◆ **ACTION ITEM**
Reproduce the lines below exactly, from the one containing "- In a small" through the one containing "Chloe cut-out pants", both included. Leave out any pictures.

◆ **RECORD EXCERPTS**
= = = = = = =

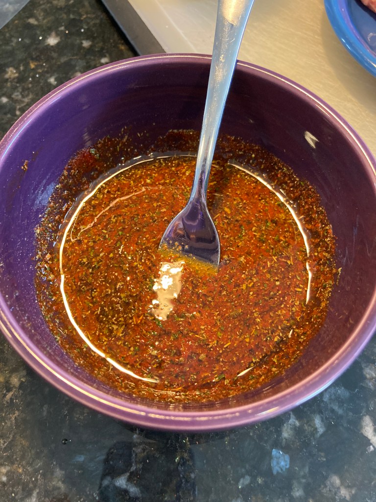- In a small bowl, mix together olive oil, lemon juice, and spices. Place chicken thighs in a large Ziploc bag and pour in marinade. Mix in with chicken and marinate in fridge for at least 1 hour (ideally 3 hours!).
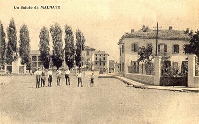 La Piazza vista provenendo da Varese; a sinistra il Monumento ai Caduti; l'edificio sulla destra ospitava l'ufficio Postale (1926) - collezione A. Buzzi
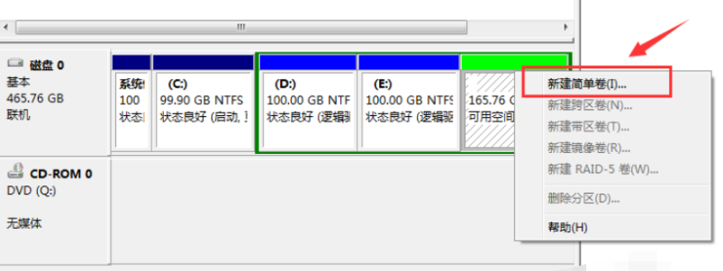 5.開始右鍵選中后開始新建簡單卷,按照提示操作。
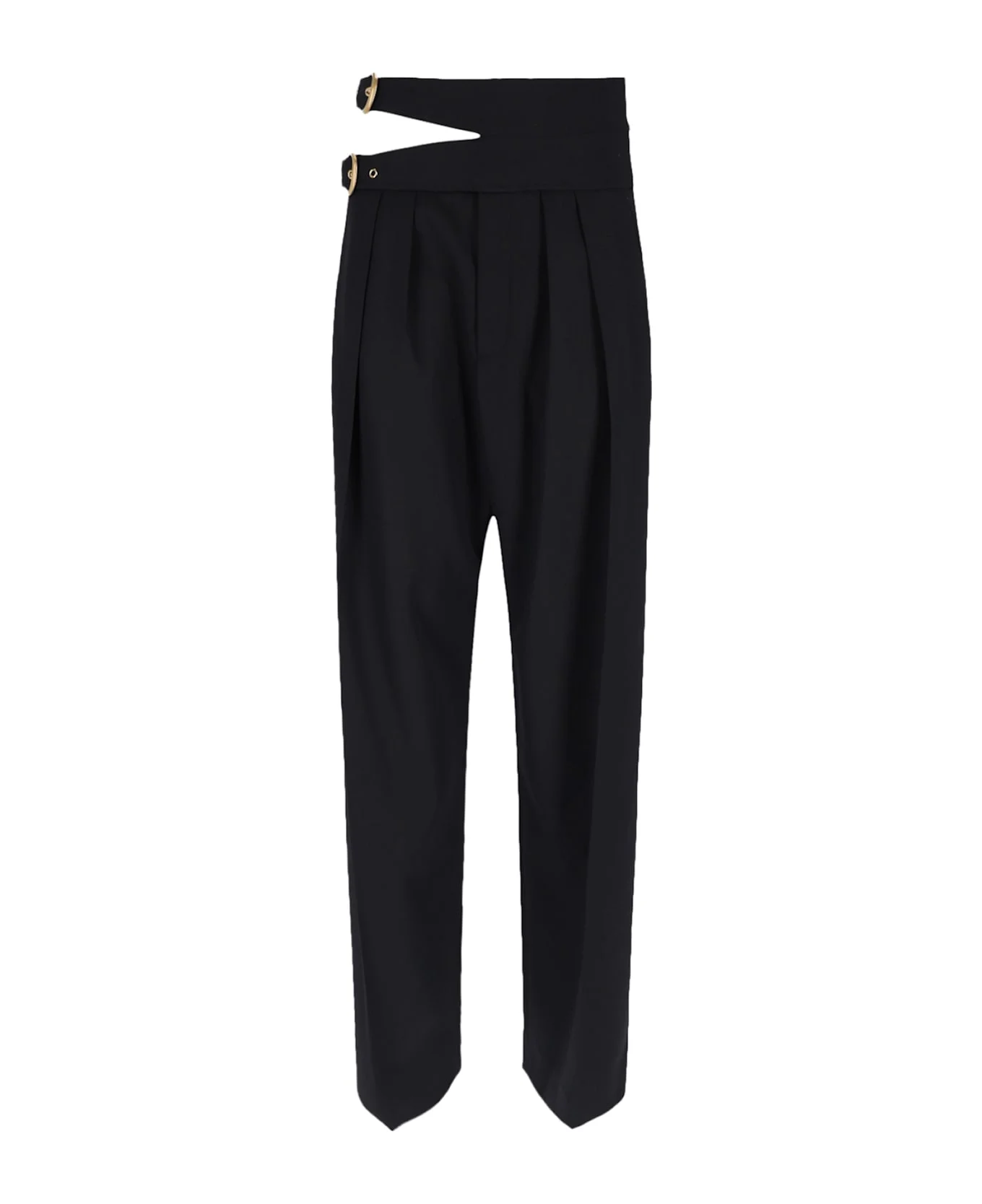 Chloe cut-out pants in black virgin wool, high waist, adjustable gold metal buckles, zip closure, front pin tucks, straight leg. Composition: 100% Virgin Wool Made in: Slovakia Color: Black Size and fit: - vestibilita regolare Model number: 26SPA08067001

= = = = = = =

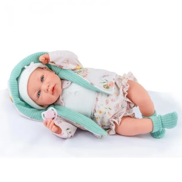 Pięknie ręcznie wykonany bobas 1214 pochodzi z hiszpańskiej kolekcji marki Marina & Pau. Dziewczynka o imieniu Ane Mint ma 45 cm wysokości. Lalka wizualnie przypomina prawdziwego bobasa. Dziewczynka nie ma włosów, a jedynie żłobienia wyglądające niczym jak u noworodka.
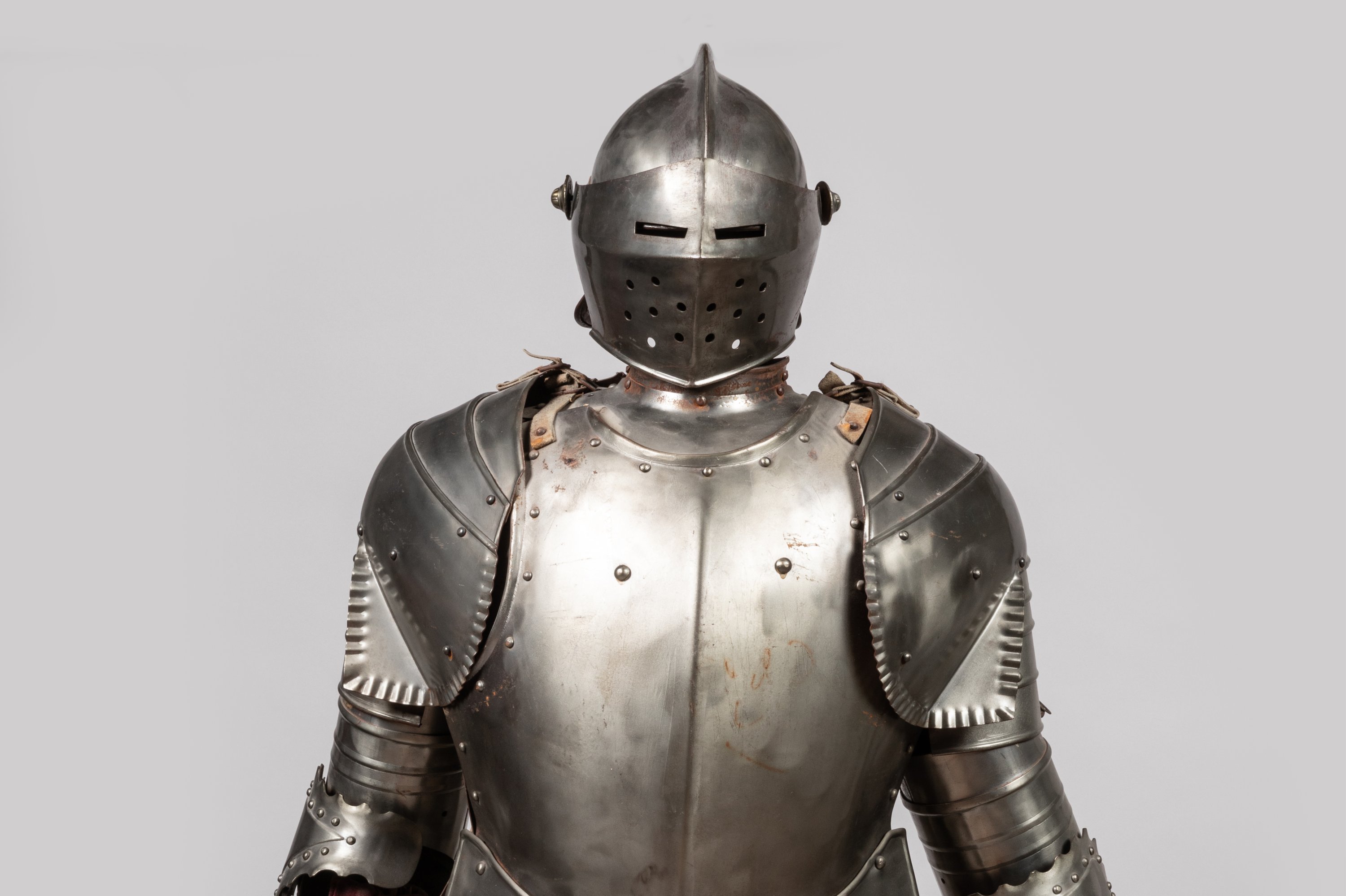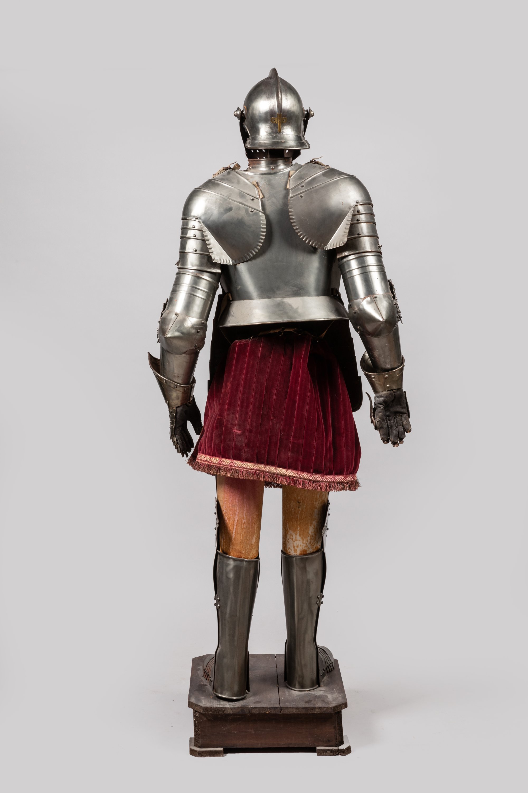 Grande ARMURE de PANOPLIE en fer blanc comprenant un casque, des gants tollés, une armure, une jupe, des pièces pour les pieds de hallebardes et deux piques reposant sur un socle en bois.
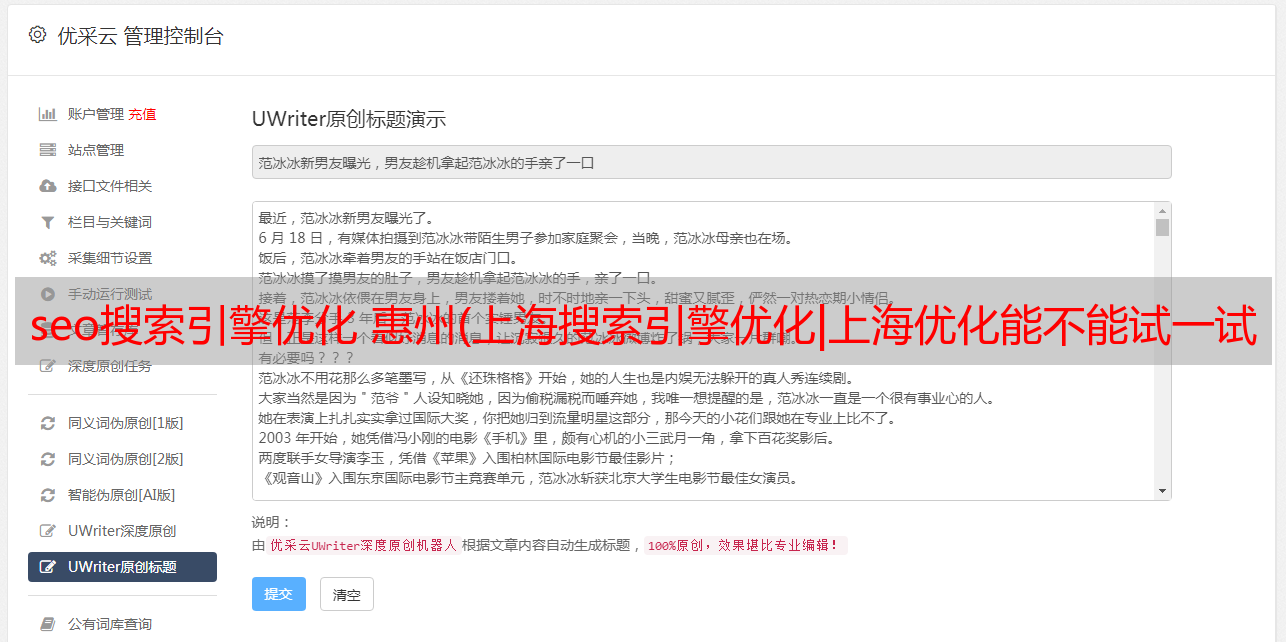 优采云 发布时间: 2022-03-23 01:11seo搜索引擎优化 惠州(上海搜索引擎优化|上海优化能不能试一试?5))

= = = = = = =

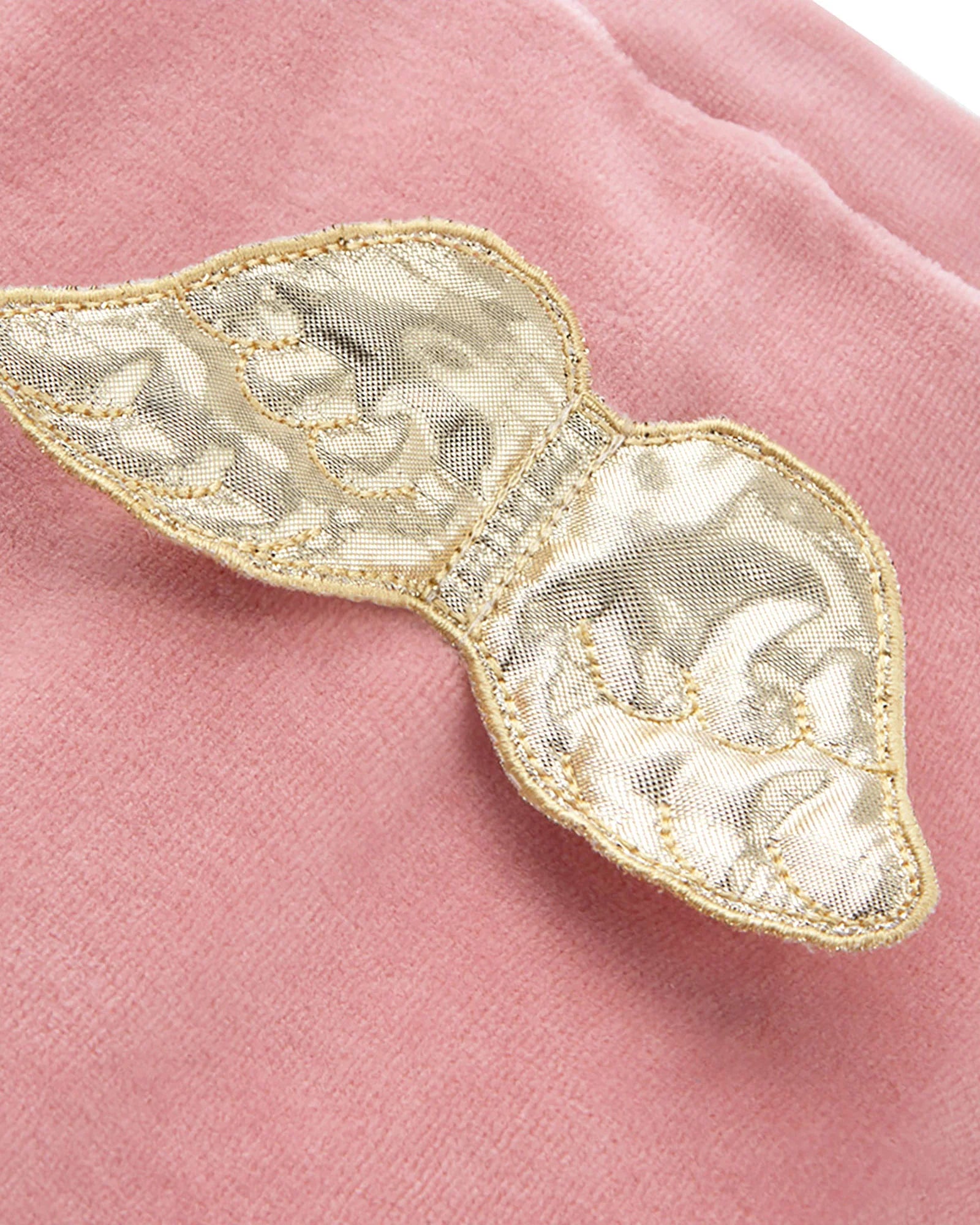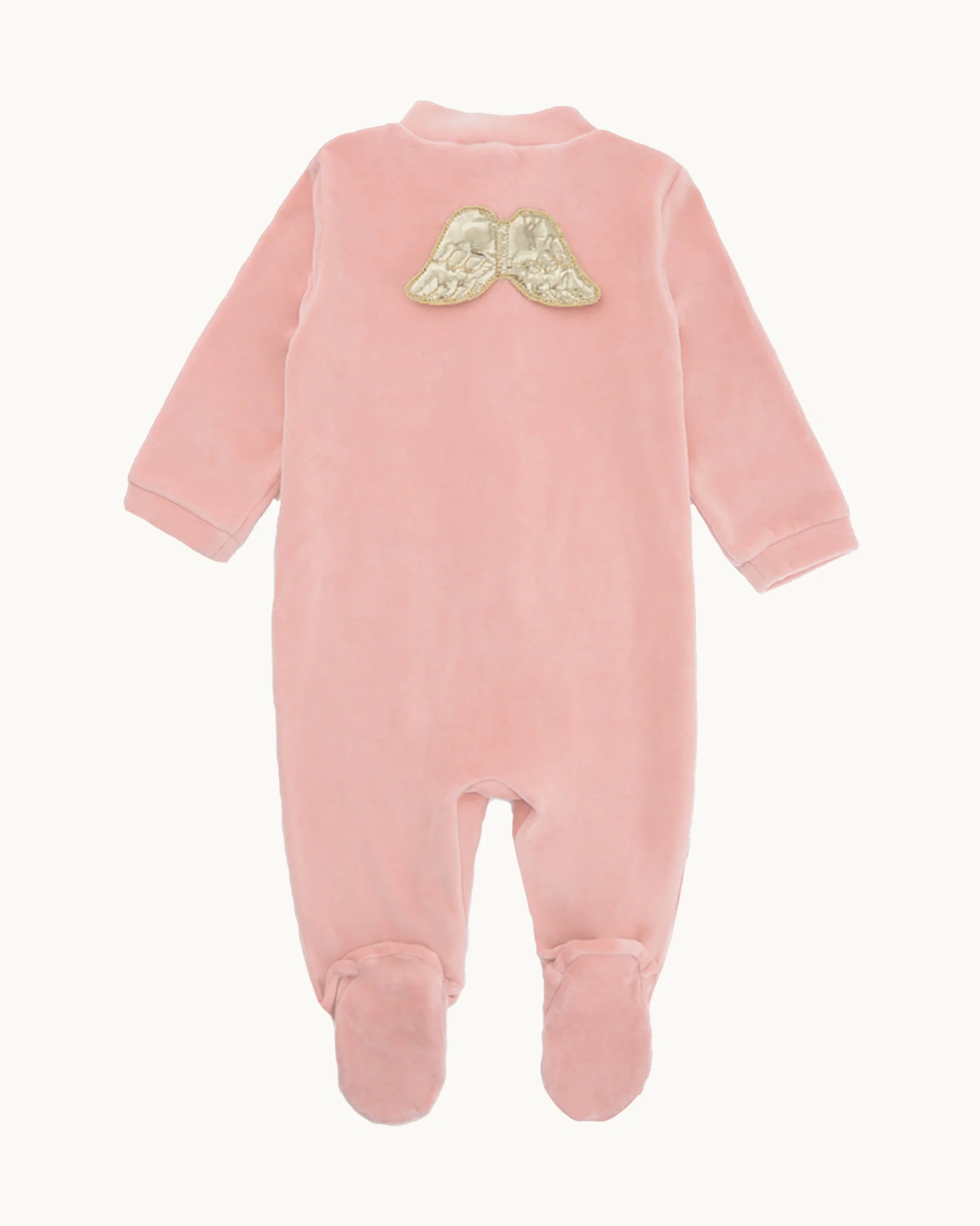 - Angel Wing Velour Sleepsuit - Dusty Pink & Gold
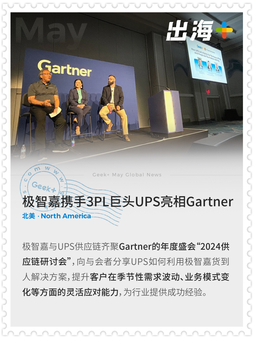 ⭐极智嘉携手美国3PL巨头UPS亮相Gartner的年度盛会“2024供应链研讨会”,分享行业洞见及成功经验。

= = = = = = =

◆ **SOLUTION TO THE PROBLEM**
- In a small bowl, mix together olive oil, lemon juice, and spices. Place chicken thighs in a large Ziploc bag and pour in marinade. Mix in with chicken and marinate in fridge for at least 1 hour (ideally 3 hours!).
 La Piazza vista provenendo da Varese; a sinistra il Monumento ai Caduti; l'edificio sulla destra ospitava l'ufficio Postale (1926) - collezione A. Buzzi
 5.開始右鍵選中后開始新建簡單卷,按照提示操作。
 Chloe cut-out pants in black virgin wool, high waist, adjustable gold metal buckles, zip closure, front pin tucks, straight leg. Composition: 100% Virgin Wool Made in: Slovakia Color: Black Size and fit: - vestibilita regolare Model number: 26SPA08067001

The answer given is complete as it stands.